What the exercise asks:
From the line that holds "圖為游客與祁連民眾一起跳舞?!±铍h 攝" down to the last line of the listing below, reproduce each line exactly and nothing more, omitting pictures.
[[ Data for analysis open ]]
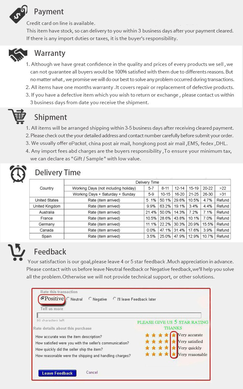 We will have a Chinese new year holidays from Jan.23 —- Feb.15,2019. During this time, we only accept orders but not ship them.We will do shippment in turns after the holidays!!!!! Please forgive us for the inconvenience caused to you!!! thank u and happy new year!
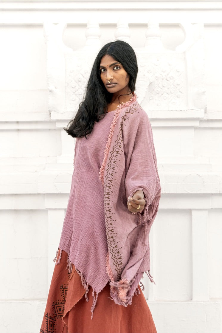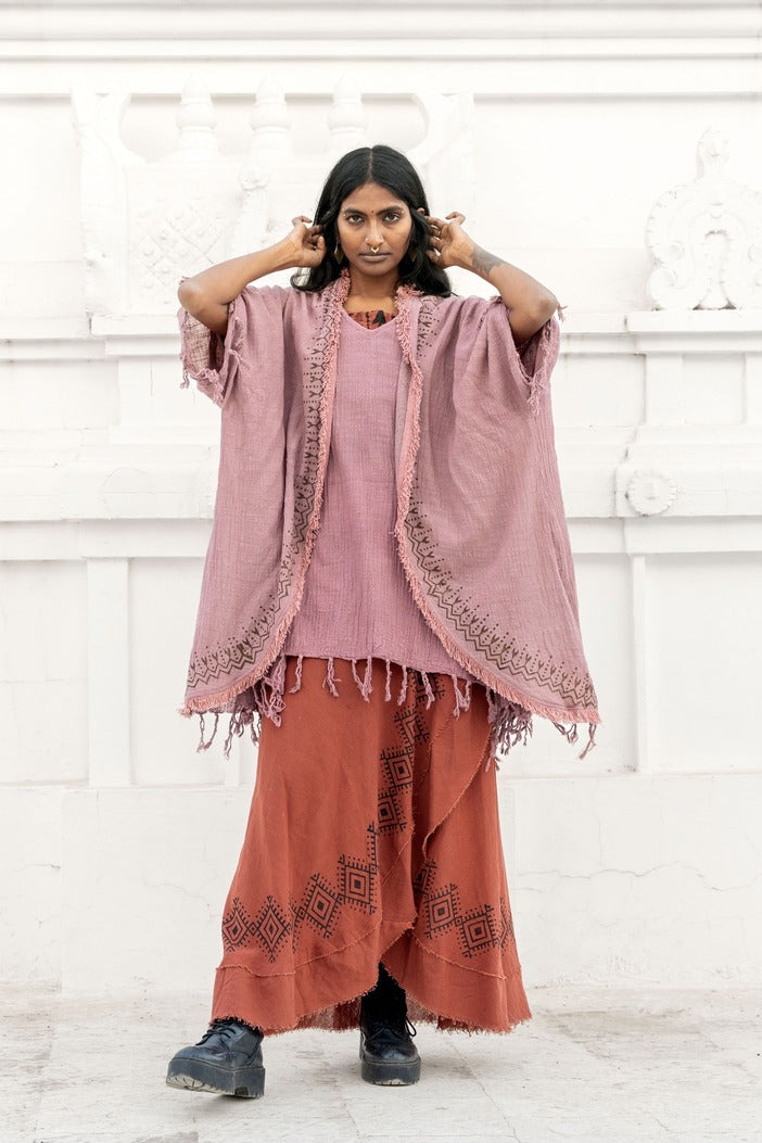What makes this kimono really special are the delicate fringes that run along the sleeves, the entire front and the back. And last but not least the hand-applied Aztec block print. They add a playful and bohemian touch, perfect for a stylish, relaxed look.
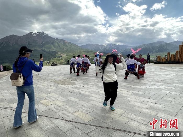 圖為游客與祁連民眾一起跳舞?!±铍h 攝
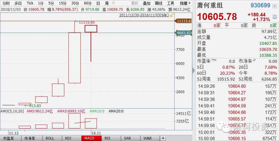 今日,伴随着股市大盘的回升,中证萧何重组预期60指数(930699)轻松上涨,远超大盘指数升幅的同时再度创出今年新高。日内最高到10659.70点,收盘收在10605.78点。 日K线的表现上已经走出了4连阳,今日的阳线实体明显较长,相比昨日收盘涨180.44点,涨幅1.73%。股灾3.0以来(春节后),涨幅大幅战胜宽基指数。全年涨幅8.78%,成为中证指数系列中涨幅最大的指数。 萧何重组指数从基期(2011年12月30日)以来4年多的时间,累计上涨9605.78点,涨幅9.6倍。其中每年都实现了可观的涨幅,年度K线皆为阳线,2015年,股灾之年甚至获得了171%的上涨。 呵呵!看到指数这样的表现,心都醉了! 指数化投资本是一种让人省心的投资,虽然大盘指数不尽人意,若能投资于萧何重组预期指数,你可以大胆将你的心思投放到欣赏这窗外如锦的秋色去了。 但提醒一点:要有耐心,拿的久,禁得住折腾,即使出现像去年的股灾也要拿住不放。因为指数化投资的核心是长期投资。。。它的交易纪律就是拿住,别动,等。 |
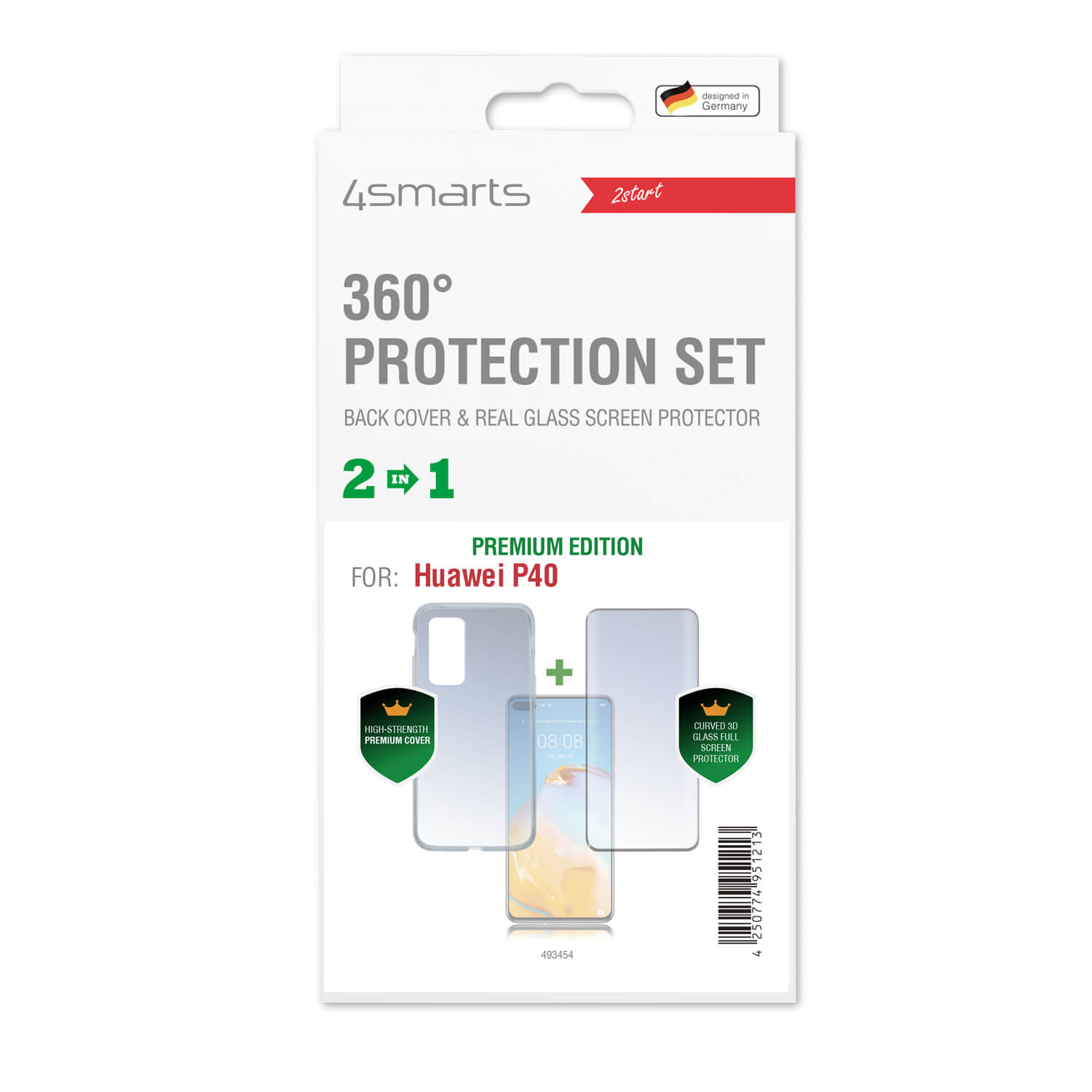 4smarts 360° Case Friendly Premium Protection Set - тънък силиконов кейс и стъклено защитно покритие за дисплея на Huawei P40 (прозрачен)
[[ Data for analysis closed ]]
Expected answer:
 圖為游客與祁連民眾一起跳舞?!±铍h 攝
 今日,伴随着股市大盘的回升,中证萧何重组预期60指数(930699)轻松上涨,远超大盘指数升幅的同时再度创出今年新高。日内最高到10659.70点,收盘收在10605.78点。 日K线的表现上已经走出了4连阳,今日的阳线实体明显较长,相比昨日收盘涨180.44点,涨幅1.73%。股灾3.0以来(春节后),涨幅大幅战胜宽基指数。全年涨幅8.78%,成为中证指数系列中涨幅最大的指数。 萧何重组指数从基期(2011年12月30日)以来4年多的时间,累计上涨9605.78点,涨幅9.6倍。其中每年都实现了可观的涨幅,年度K线皆为阳线,2015年,股灾之年甚至获得了171%的上涨。 呵呵!看到指数这样的表现,心都醉了! 指数化投资本是一种让人省心的投资,虽然大盘指数不尽人意,若能投资于萧何重组预期指数,你可以大胆将你的心思投放到欣赏这窗外如锦的秋色去了。 但提醒一点:要有耐心,拿的久,禁得住折腾,即使出现像去年的股灾也要拿住不放。因为指数化投资的核心是长期投资。。。它的交易纪律就是拿住,别动,等。 |
 4smarts 360° Case Friendly Premium Protection Set - тънък силиконов кейс и стъклено защитно покритие за дисплея на Huawei P40 (прозрачен)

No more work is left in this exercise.